SUPPLIED DATA =

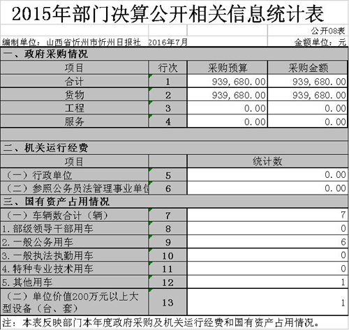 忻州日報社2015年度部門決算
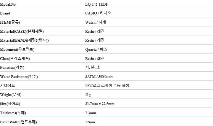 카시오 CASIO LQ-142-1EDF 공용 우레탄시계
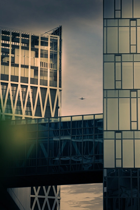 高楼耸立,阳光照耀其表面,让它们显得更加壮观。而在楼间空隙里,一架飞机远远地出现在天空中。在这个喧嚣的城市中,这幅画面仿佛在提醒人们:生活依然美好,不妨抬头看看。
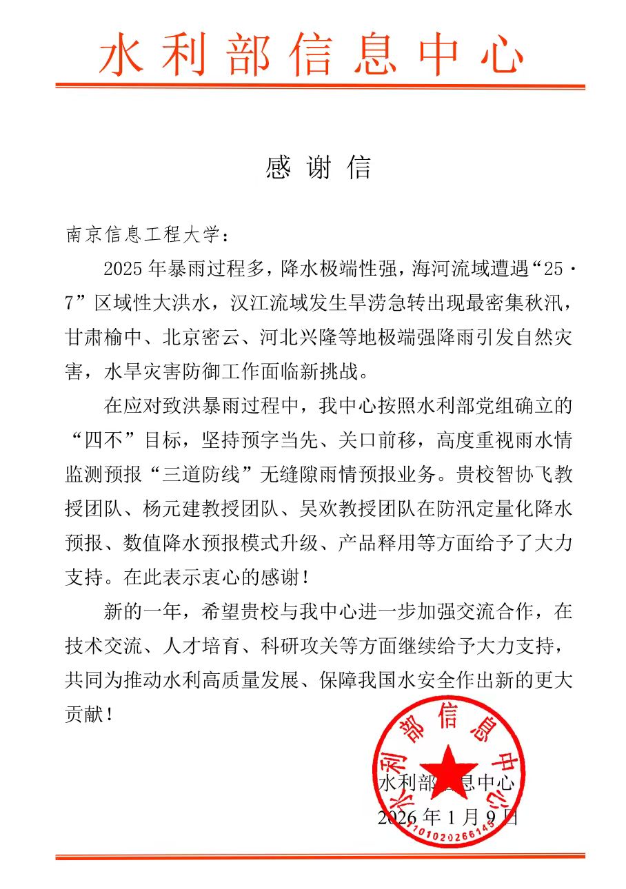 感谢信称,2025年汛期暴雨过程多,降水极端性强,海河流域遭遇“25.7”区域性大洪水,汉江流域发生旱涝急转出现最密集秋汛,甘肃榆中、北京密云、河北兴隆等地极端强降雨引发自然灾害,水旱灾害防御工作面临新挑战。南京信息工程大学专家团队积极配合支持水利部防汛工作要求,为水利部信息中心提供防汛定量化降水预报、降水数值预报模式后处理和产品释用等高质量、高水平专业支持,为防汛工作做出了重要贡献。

TASK PROMPT = Would you restate all of the data above word for word, omitting the pictures?

RESULT OF THIS EXERCISE =
 忻州日報社2015年度部門決算
 카시오 CASIO LQ-142-1EDF 공용 우레탄시계
 高楼耸立,阳光照耀其表面,让它们显得更加壮观。而在楼间空隙里,一架飞机远远地出现在天空中。在这个喧嚣的城市中,这幅画面仿佛在提醒人们:生活依然美好,不妨抬头看看。
 感谢信称,2025年汛期暴雨过程多,降水极端性强,海河流域遭遇“25.7”区域性大洪水,汉江流域发生旱涝急转出现最密集秋汛,甘肃榆中、北京密云、河北兴隆等地极端强降雨引发自然灾害,水旱灾害防御工作面临新挑战。南京信息工程大学专家团队积极配合支持水利部防汛工作要求,为水利部信息中心提供防汛定量化降水预报、降水数值预报模式后处理和产品释用等高质量、高水平专业支持,为防汛工作做出了重要贡献。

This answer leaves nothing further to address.